(DATA BELOW)
+ + +

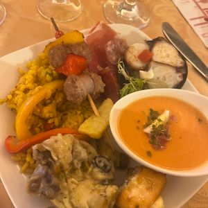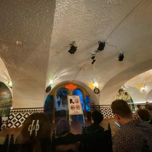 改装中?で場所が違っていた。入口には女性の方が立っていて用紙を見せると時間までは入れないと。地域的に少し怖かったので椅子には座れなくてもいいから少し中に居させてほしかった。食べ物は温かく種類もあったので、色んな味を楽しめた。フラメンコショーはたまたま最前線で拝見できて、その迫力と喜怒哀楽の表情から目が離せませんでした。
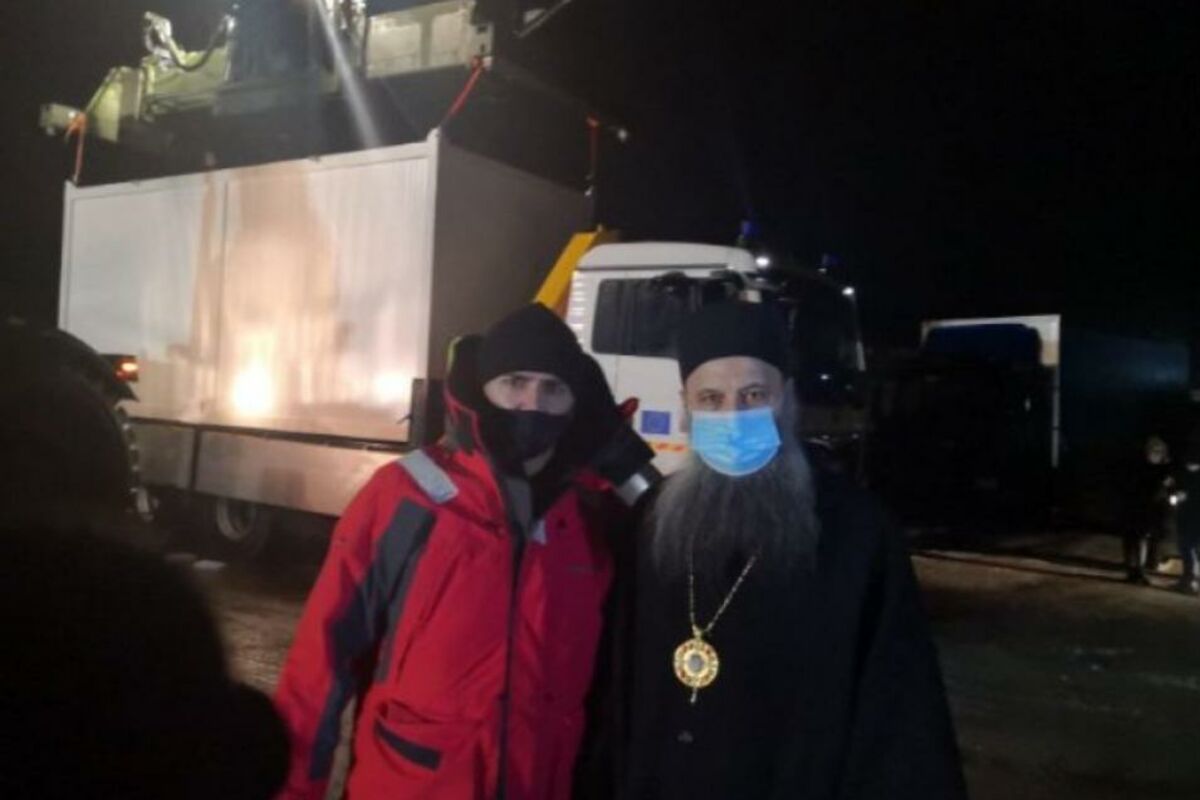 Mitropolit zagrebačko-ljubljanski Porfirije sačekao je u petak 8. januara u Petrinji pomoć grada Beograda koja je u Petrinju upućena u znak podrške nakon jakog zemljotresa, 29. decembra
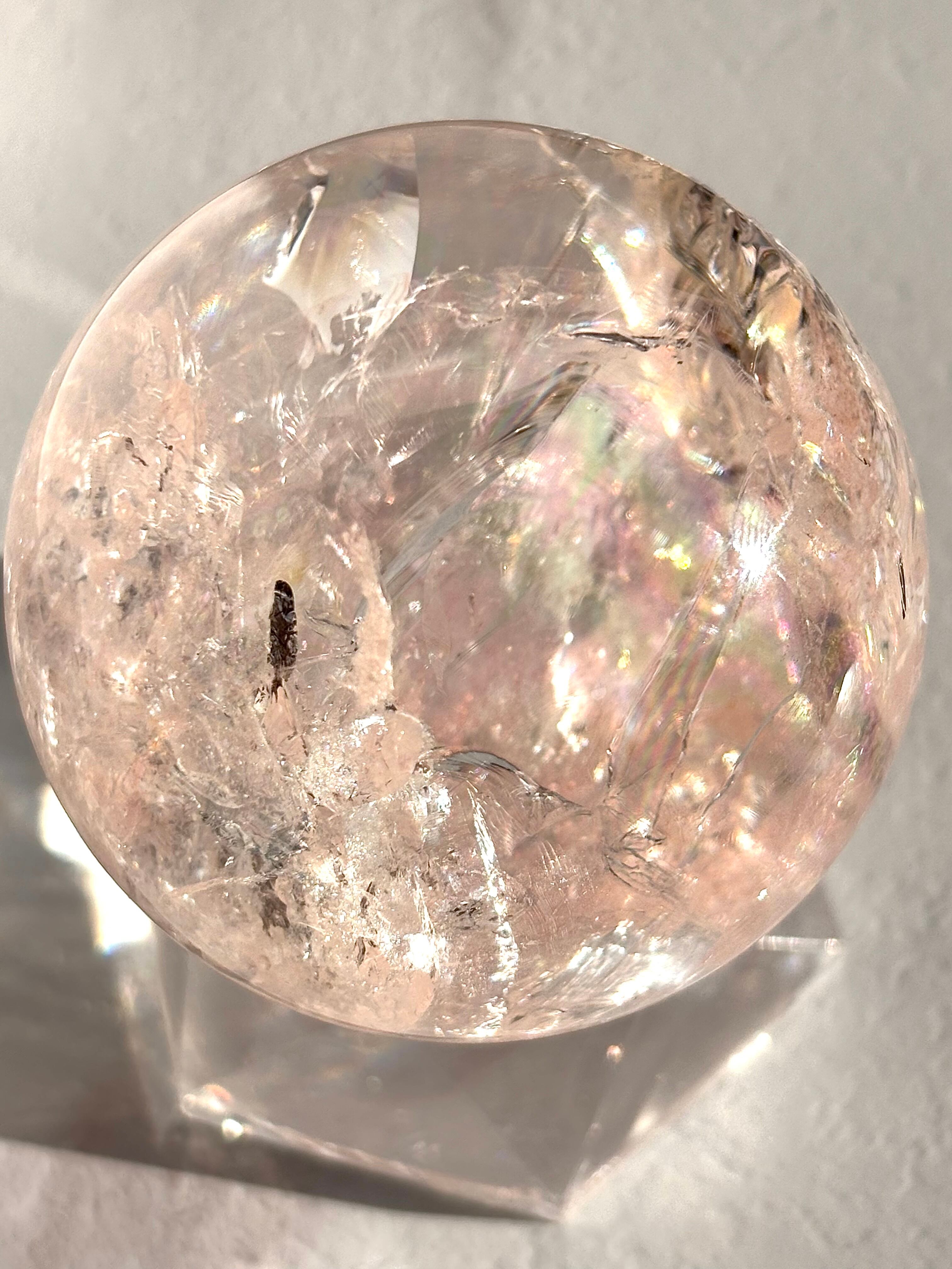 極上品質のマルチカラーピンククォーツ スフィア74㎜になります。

+ + +

Write out the whole listing verbatim, images excluded.

 改装中?で場所が違っていた。入口には女性の方が立っていて用紙を見せると時間までは入れないと。地域的に少し怖かったので椅子には座れなくてもいいから少し中に居させてほしかった。食べ物は温かく種類もあったので、色んな味を楽しめた。フラメンコショーはたまたま最前線で拝見できて、その迫力と喜怒哀楽の表情から目が離せませんでした。
 Mitropolit zagrebačko-ljubljanski Porfirije sačekao je u petak 8. januara u Petrinji pomoć grada Beograda koja je u Petrinju upućena u znak podrške nakon jakog zemljotresa, 29. decembra
 極上品質のマルチカラーピンククォーツ スフィア74㎜になります。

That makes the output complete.